Tool result misinterpretation: model draws wrong conclusions from tool output
A search returns results about "Java" the programming language, but the user asked about "Java" the island. The model uses the wrong results to construct a confident but incorrect answer. This is a form of hallucination amplified by the agent architecture — the model has "evidence" from its tool call, which makes its wrong answer feel more authoritative.
Mitigation: return structured, unambiguous tool results. Include metadata that helps the model evaluate relevance. Design tool descriptions that guide the model toward precise queries.
Context window overflow: long agentic conversations exceed limits
Each iteration of the agentic loop adds messages to the conversation: the tool call, the tool result, the model's reasoning. After enough iterations, the accumulated context exceeds the model's context window. Earlier information gets truncated, which can cause the model to "forget" earlier tool results or even the original user question.
Mitigation: keep tool results concise (summarize rather than dumping raw data), use context compaction strategies (summarize earlier conversation turns), and set maxSteps to prevent runaway conversation growth.
Mitigation patterns: maxSteps, stop conditions, structured tool output
The three most effective mitigations are:
- maxSteps: Hard ceiling on loop iterations. Non-negotiable for production agents.
- Stop conditions in the system prompt: Instruct the model to respond when it has "good enough" information rather than seeking perfection.
- Structured tool output: Return JSON with clear fields rather than raw text. This reduces misinterpretation and makes tool results easier for the model to process.
More agency = more failure surface. Always test agents on adversarial inputs — ambiguous questions, nonsensical queries, requests that require tools you have not provided. The agent's behavior on edge cases reveals whether your architecture is robust or fragile.
Agents vs Workflows — Common Misconceptions
"Agents are always better" — false
Workflows are more reliable for predictable tasks. If you know the steps at design time, a workflow with quality gates will produce more consistent results than an agent, at lower cost, with easier debugging. Agents win only when the task requires adaptive behavior.
"Agents are just LLMs with tools" — incomplete
An LLM with tools but no architecture is not a useful agent. A production agent needs planning (how does the model decide what to do?), memory (how does it track what it has already done?), and evaluation (how does it know when it has a good answer?). The tool-use loop is the skeleton; the architecture is the muscle.
The misconception addressed: architecture = planning + memory + evaluation
When someone says "I built an agent," ask three questions: How does it plan its approach to a new task?
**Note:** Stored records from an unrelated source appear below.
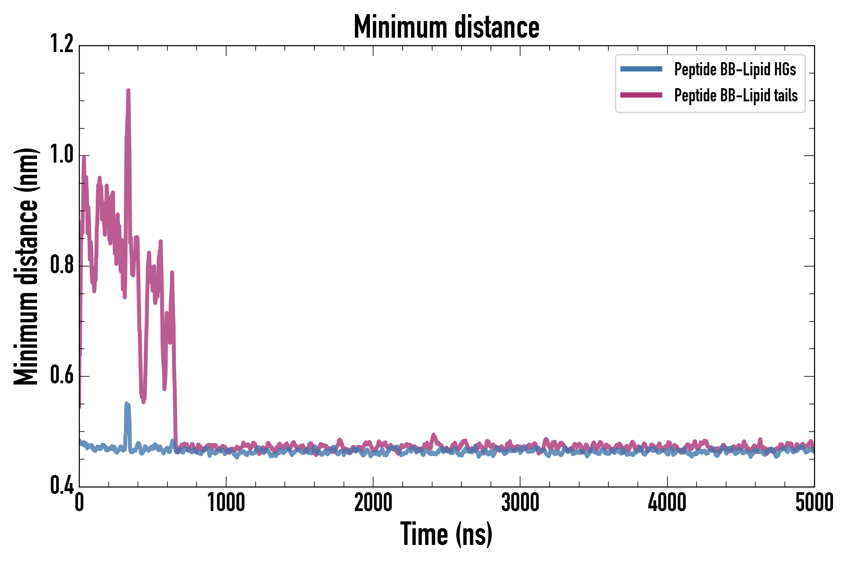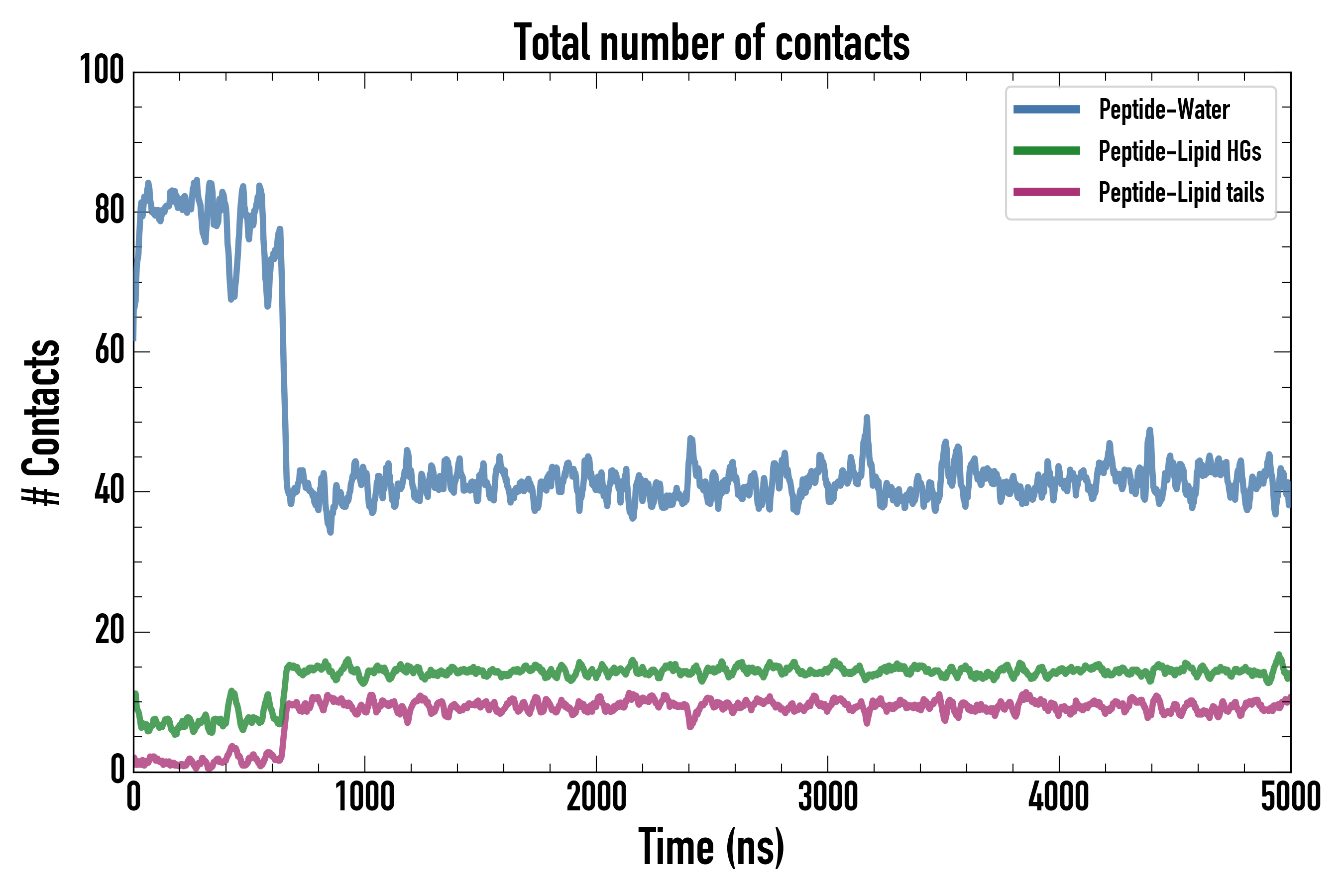Number of contacts between each residue of the peptide backbone and the different lipid types, averaged over the last microsecond and using a cut-off of 0.6 nm.
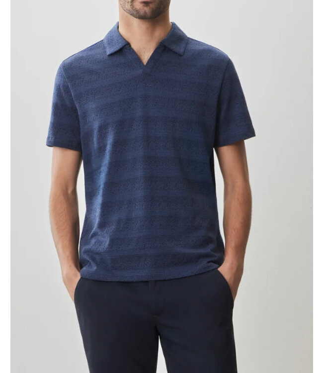 Contemporary navy blue short sleeve polo with an open collar and tonal stripe design. It has a super soft feel and sophistication suitable for any occasion.
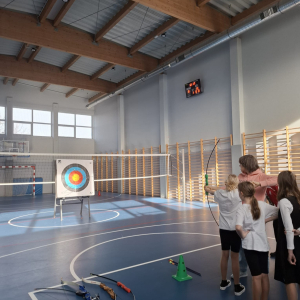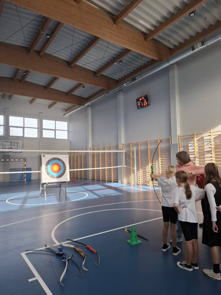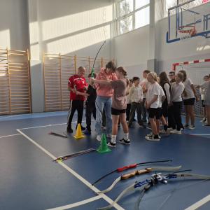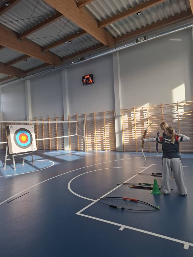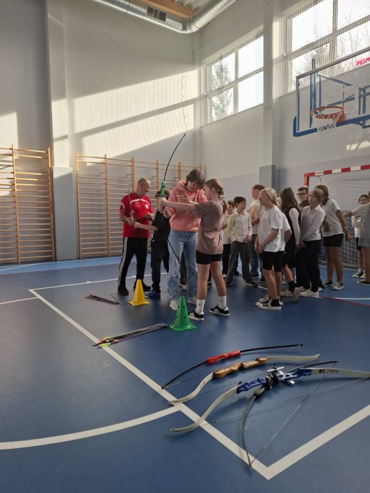Na zajęciach odbył się pokaz strzelania z łuku i trening dla uczniów. Taki trening odbędzie się jeszcze raz w dniu 26 listopada dla klas IV, VII, VIII. Zarówno Julia jak i Pan trener zachęcali uczniów do podjęcia wyzwania i próby strzelania. Może ktoś pójdzie w ślady Julii i jej brata Konrada.
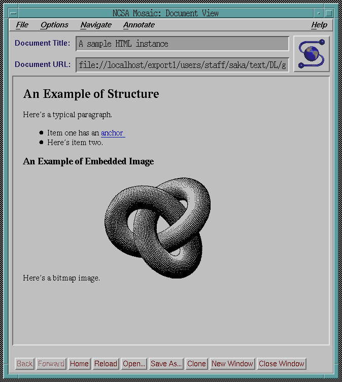 図2 Mosaic による HTML 表示例
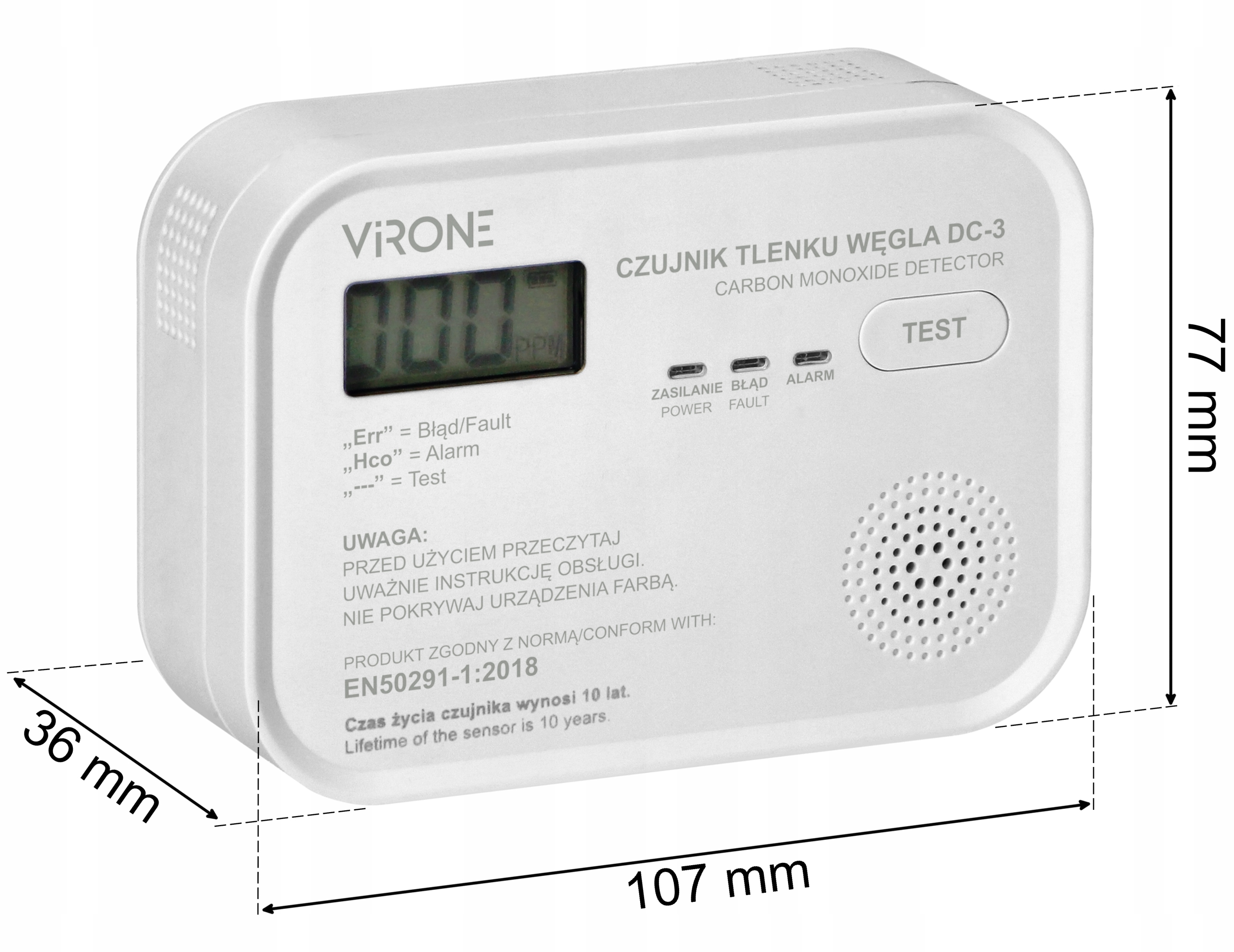 Детектор угарного газа VIRONE DC-3 соответствует строгому стандарту EN 50291 -1: 2018 г. для бытовых детекторов угарного газа.

How does it remember what it has already tried? How does it evaluate whether its answer is good enough? If the answer to any of these is "it doesn't," what they built is an LLM with tools, not an agent. The next three modules will teach you how to build the architecture that turns an LLM with tools into a capable agent.
Claude Code is a production agent built on this exact pattern. Its core is a while loop: send messages and tools to Claude, execute any tool calls, add results to messages, repeat until done. Every pattern in this module — maxSteps, tool validation, context management — is a pattern Claude Code uses with 80K+ GitHub stars.